В первые годы после октябрьских событий в документальном кинематографе работали мастера, в которых естественно сочетались качества активного приятия происходящих в стране перемен со стремлением найти новые пути развития своей музы. Среди них, конечно, самой яркой фигурой был Дзига Вертов, который сначала в теоретических манифестах и статьях, а затем в скромных регулярных выпусках кинохроники предложил неведомую прежде модель документального искусства.

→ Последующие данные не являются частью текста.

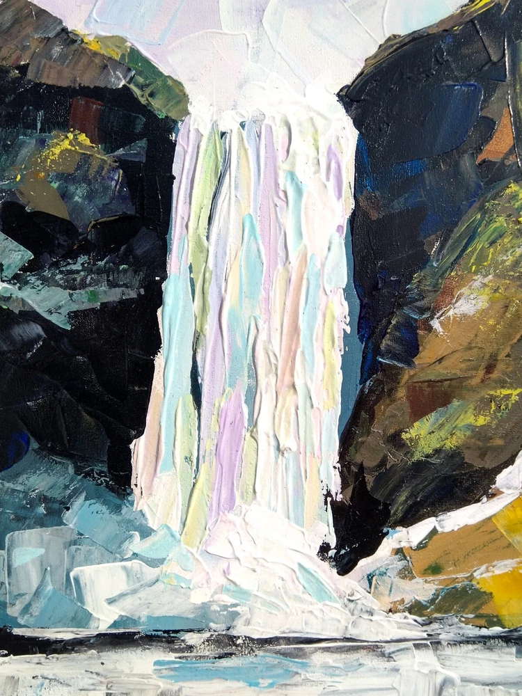 This painting is a journey for those who love to excel. A brutal vacation in rough boots and jackets with fur, or an interesting journey with loved ones filled with new discoveries and excellent views from the mountains to wild waterfalls and mirror reflections in the water. If you look closely, the waterfall shimmers in many shades, reflecting the rich sky in the seemingly cool climate. -ORIGINAL painting. This is not a copy or print. -Professional quality artists light fast acrylic paints on canvas using a palette knife. -Signature on the front and on the back. -Size: 70*50 cm. / 27.5x19.6" inches -Free shipping with tracking number west landscape painting,canvas impasto painting,3d painting,volumetric painting,mountains painting,waterfall canvas painting,wall art,original canvas painting,acrylic landscape painting,original art,original painting,palette knife painting,national park painting,north painting
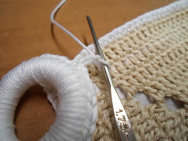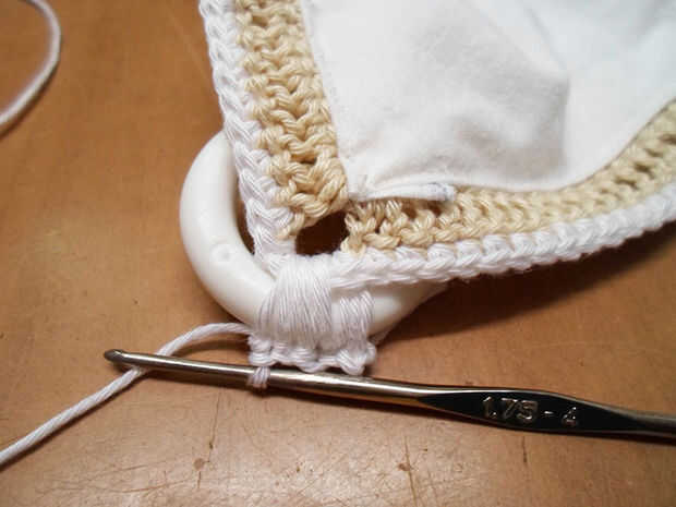 Como hacer esto, trate de incorporar el ángulo de la bolsa en él. En caso de que no se puede hacer, usted puede coserlas juntos más adelante.
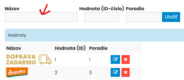 4. Hore nad existujúcimi parametrami sú prázdne políčka pre založenie novej hodnoty parametrov. Do políčka názov si vložia text skopírovaný z predchádzajúceho kroku s tým, že si tam upravia v URL k obrázku názvo nového štítku ktorý sa má použiť. Takže napríklad z pôvodného textu: <img src="/Data/4599/UserFiles/images/stitky/demeter.webp"> sa upravý názov obrázku a nový text do políčka názvo bude vyzerať nasledovne: <img src="/Data/4599/UserFiles/images/stitky/
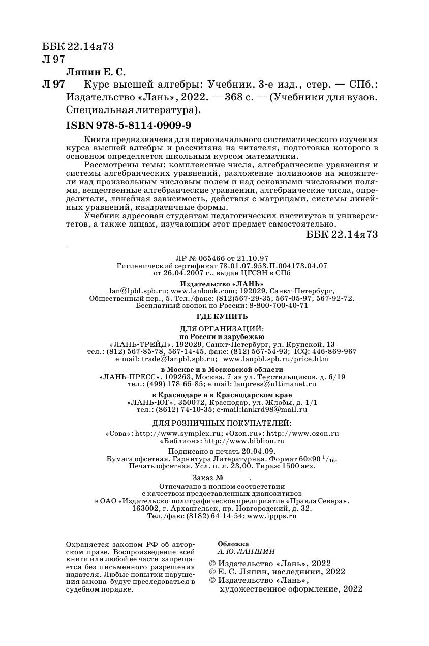 ISBN 978-5-8114-0909-9; 2022 г.
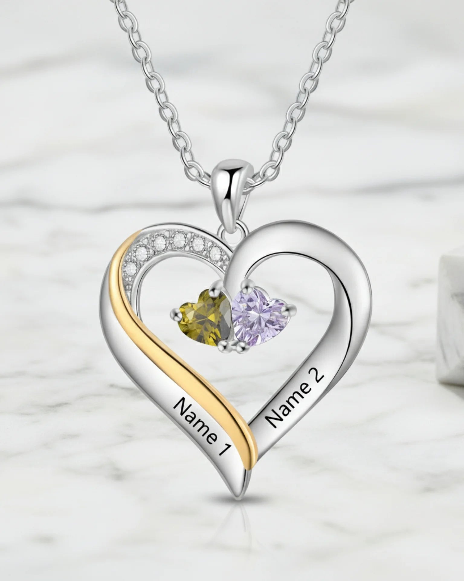 This elegant .925 sterling silver heart necklace is fully personalised with two names and two heart-shaped birthstones. A perfect, meaningful engraved keepsake. Features a delicate chain and a partially gold-plated accent.

Вертов и его коллеги в начале и середине 1920-х были в первых рядах представителей «левого» искусства, активными соратниками В. Маяковского, влюбленными в революцию, смело крушащими многие замшелые правила и понятия в области творчества. На примере его пути нетрудно заметить перемены власти в отношениях с кинематографистами. Поначалу руководители студии кинохроники благосклонно относились к поискам Вертова и его команды. Вернее даже, не вмешивалась в них, наблюдая за успехами, подчас триумфальными, – тем, что стало затем основанием для всемирной славы вертовских лент. Впрочем, уже во второй половине десятилетия начались проблемы, которые стоили режиссеру не только переживаний, но и, фактически, всей его судьбы в искусстве. Не формулируя впрямую своих претензий, кинематографическое начальство последовательно и неотступно, шаг за шагом, отлучало Вертова от работы17.

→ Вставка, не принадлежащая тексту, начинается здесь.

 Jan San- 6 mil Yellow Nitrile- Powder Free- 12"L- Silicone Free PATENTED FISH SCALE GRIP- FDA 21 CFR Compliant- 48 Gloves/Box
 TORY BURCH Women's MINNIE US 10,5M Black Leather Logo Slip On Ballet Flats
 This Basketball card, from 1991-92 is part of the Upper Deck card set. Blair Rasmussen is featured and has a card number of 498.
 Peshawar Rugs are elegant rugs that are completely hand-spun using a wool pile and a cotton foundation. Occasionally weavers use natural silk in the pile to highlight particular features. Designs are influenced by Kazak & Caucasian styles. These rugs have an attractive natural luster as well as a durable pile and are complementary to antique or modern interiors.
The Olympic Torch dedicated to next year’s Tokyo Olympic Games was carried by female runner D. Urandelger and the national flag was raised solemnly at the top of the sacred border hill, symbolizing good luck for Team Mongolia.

«Человек с киноаппаратом», 1929. Автор: режиссер и сценарист Дзига Вертов


Так или иначе, но в первые годы советской власти игровое кино, в отличие от документального, оказалось вне пристального внимания руководителей культуры. Художественными лентами занимались мало кому известные люди, не замеченные прежде в отечественном кинематографе. Лев Кулешов со своими единомышленниками и студентами в Государственном техникуме кинематографии создавал/«снимал» ставшие позже знаменитыми «фильмы без пленки». Ведь, как мы говорили выше, с пленкой были серьезные проблемы, и даже просьба Ленина, датированная июлем 1920 года, к Наркомздраву поделиться с кинематографистами своими дореволюционными богатствами, «передать хотя бы часть вашего запаса в Фото-кинематографический отдел Наркомпроса»18, осталась без удовлетворения.

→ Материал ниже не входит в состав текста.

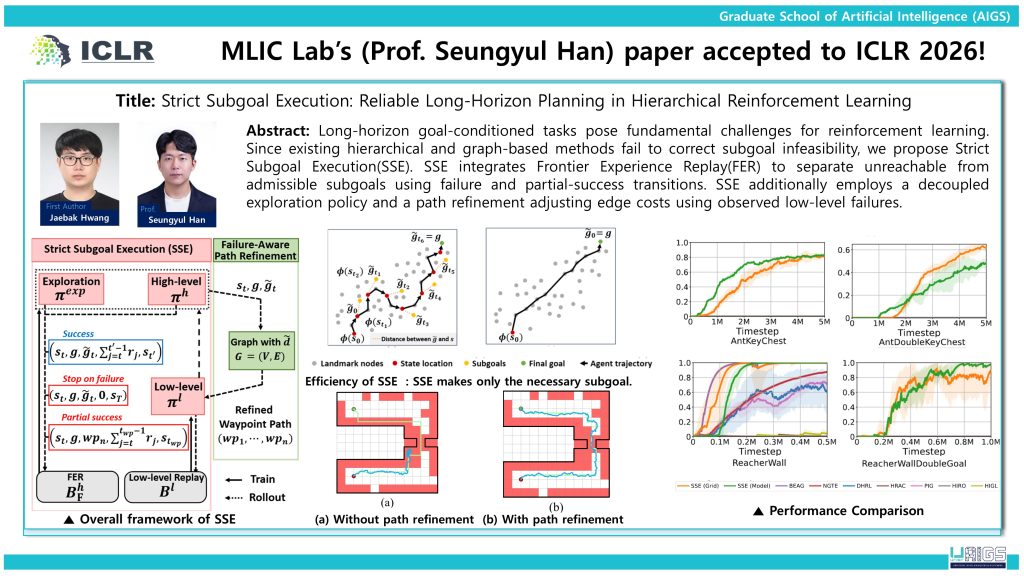 MLIC Lab’s (Prof. Seungyul Han) paper accepted to ICLR 2026!_Strict Subgoal Execution: Reliable Long-Horizon Planning in Hierarchical Reinforcement Learning 2026 | 03.17 Download AIGS홍보자료_황재박_SSE-scaled.jpg
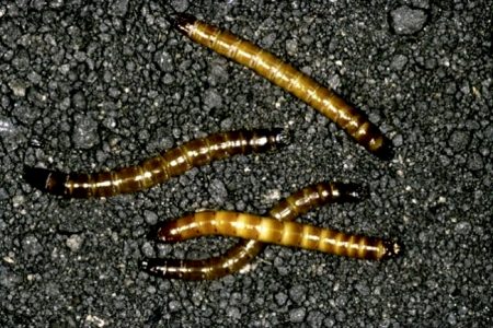 - 암흑딱정벌레의 유충입니다. 키틴질 껍질은 짙은 노란색이며, 길이는 약 2.5cm입니다.
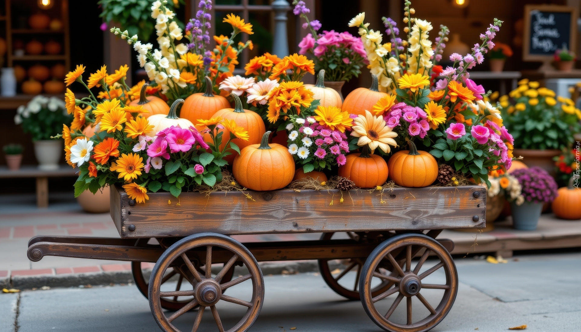 Edytor tapety: Drewniany wózek z dyniami i kolorowymi kwiatami
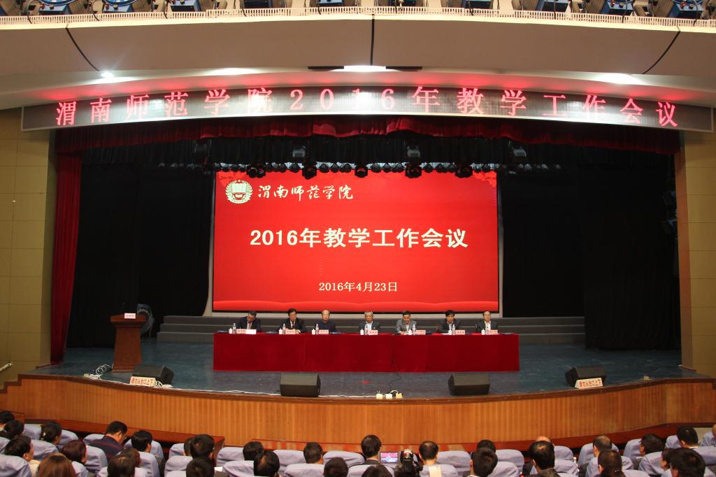 为深入总结“十二五”期间学校教学工作,进一步明确“十三五”期间教学工作的基本思路和举措,4月23日,学校召开教学工作会议。会议的主题是“切实推行教学综合改革 抓好‘一流建设’不断提高教育教学质量”。陕西省教育厅高教处副处长何玉麒,渭南市教育局局长党福奎出席会议并讲话。党委书记张金安、院长丁德科、副院长王君龙、程书强、李海龙,党委委员、组织部长杨小渭出席会议。党委副书记赵伏友主持会议。

Опыты Кулешова, фактически, были тем, что во ВГИКе, ставшем преемником ГТК, значительно позже получило название актерских этюдов. В тех случаях, когда в его распоряжении оказывалась пленка (подчас даже бракованная, с истекшим сроком годности, посему дающая серовато-тусклое, не пригодное для демонстрации на большом экране качество изображения), он снимал отдельные кадры, ставшие доказательством его представлений о кинематографическом монтаже, о том, что позже в мировой кинематографической теории было названо «эффектом Кулешова». Открытия режиссера в области монтажа, как и его фильмы, снятые в 1920-е годы, выглядели прорывом в области эстетики кино.

Коллеги Кулешова по профессии совершили очередной шаг на открытом им пути. Они прежде неведомые выразительные возможности кинематографического монтажа, позже в мировой кинематографической теории получившего название «русского монтажа», соединили с новым, революционным, содержанием. Фильмы Сергея Эйзенштейна «Стачка» (1924) и «Броненосец „Потемкин“» (1925), Всеволода Пудовкина «Мать» (1926) открыто обратились к неведомым прежде темам недавней русской революции.

Они сделали это сознательно, не как профессионалы, исполняющие волю продюсера, снимающие свои картины на собранные тем деньги, по купленному им сценарию, строго выполняя записанные драматургом указания. Их ленты стали тем, что позже получило название авторского кино. Режиссеры принесли молодому советскому кино мировую славу, став надолго символом революционного прорыва в кинематографическом искусстве. Фильмы, названные выше, как и некоторые другие, созданные в 1920-х годах, снимались без назойливого надзора и ценных указаний со стороны власти.